More than 17,000 low-income Colorado households will lose state benefits to help pay their home heating bill this winter if the federal government delivers on expected funding cuts to the Low Income Home Energy Assistance Program (LIHEAP).
Colorado’s share of LIHEAP last year, delivered in the form of block grants to the state’s Low-income Energy Assistance Program (LEAP), was $62 million. The Obama administration in February proposed cutting overall LIHEAP funding in half, meaning Colorado is faced with receiving only $31 million for the winter of 2011-12.
“It’s going to be grim next winter, that’s for sure,” said Skip Arnold, executive director of the non-profit Energy Outreach Colorado (EOC), which provides low-income energy assistance during the summer months.
“Of course, those numbers aren’t settled yet, but they seem all but settled,” Arnold said. “When the president agrees that the LIHEAP should be cut in half then it seems fairly close to a done deal. It’s going to go from $5.1 billion [nationwide] two years ago to $4.7 billion last year to about $2 billion. It’s going to get cut in half.”
Compare that to the $15 billion a year that the U.S. military admits to spending on overall fuel cost around the world, or the $1.5 billion it spent on fuel in Afghanistan alone between October of 2010 and May of this year. One former Pentagon official recently told NPR that air conditioning in Iraq and Afghanistan costs the military more than $20 billion a year when road building, fuel convoy security and other infrastructure is factored in.
Anticipating severe cuts to LIHEAP, states across the Midwest and South are slashing benefits for summer cooling programs to save money for winter, meaning low-income households broiling in the recent heat wave have had to turn off air conditioners to pay doctor bills and buy groceries. States are worried they won’t have enough money left for heating assistance when winter cold sets in.
Colorado doesn’t have that problem because it’s much cooler and less humid, even on the Front Range (where temperatures have pushed 100 in recent days), and because EOC’s summer assistance program was fully funded by the legislature last session. But the winter will be a different story this year, especially if it’s unusually snowy and cold.
Last year, Colorado used its share of LIHEAP to dole out about $370 each to 126,000 low-income households struggling to pay their home heating bills during the winter months between Nov. 1 and April 30.

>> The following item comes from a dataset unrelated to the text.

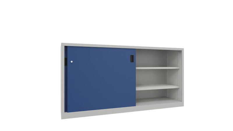 Dette robuste stålskapet overbeviser med sin stabile, sveisede metallkonstruksjon og er spesielt egnet for verksteder, lagerområder og industrielle arbeidsmiljøer med begrenset plass. Den kompakte konstruksjonen med lettbevegelige skyvedører sparer verdifull plass og muliggjør effektiv bruk også i smale ganger eller nisjer.

Todd Jorgensen, executive director of LEAP, said that number will drop to 113,000 next winter, which includes a 5 percent increase in households in need due to the ongoing economic downturn.
Jorgensen said this all comes at a time when economic uncertainty has dramatically increased the number of households in need. He said that during the winters of 2008-09 and 2009-10, LEAP saw an eligibility increase each year of about 30 percent over the previous year.
Given the expected federal cuts, the state this year is leaning toward decreasing its eligibility requirement (currently set at 185 percent of federal poverty levels) to 150 percent. That way fewer people will receive that same $370 six-month benefit.
If the eligibility requirement stayed the same, Jorgensen said, around 130,000 households would receive a much lower benefit of slightly over $200 for six months, which raises the question of whether the benefits warrant the administration costs.
Jorgensen hopes Arnold’s organization can step in to some degree and help mitigate the impacts to the 17,000 households that received energy assistance last winter but likely won’t be eligible this coming winter.
“Even without these reductions we are not able to cover the full need and we see that, the EOC sees that,” Jorgensen said. “People are making tough decisions between paying for the prescription or buying groceries or those kinds of things. That unfortunately will be exacerbated.”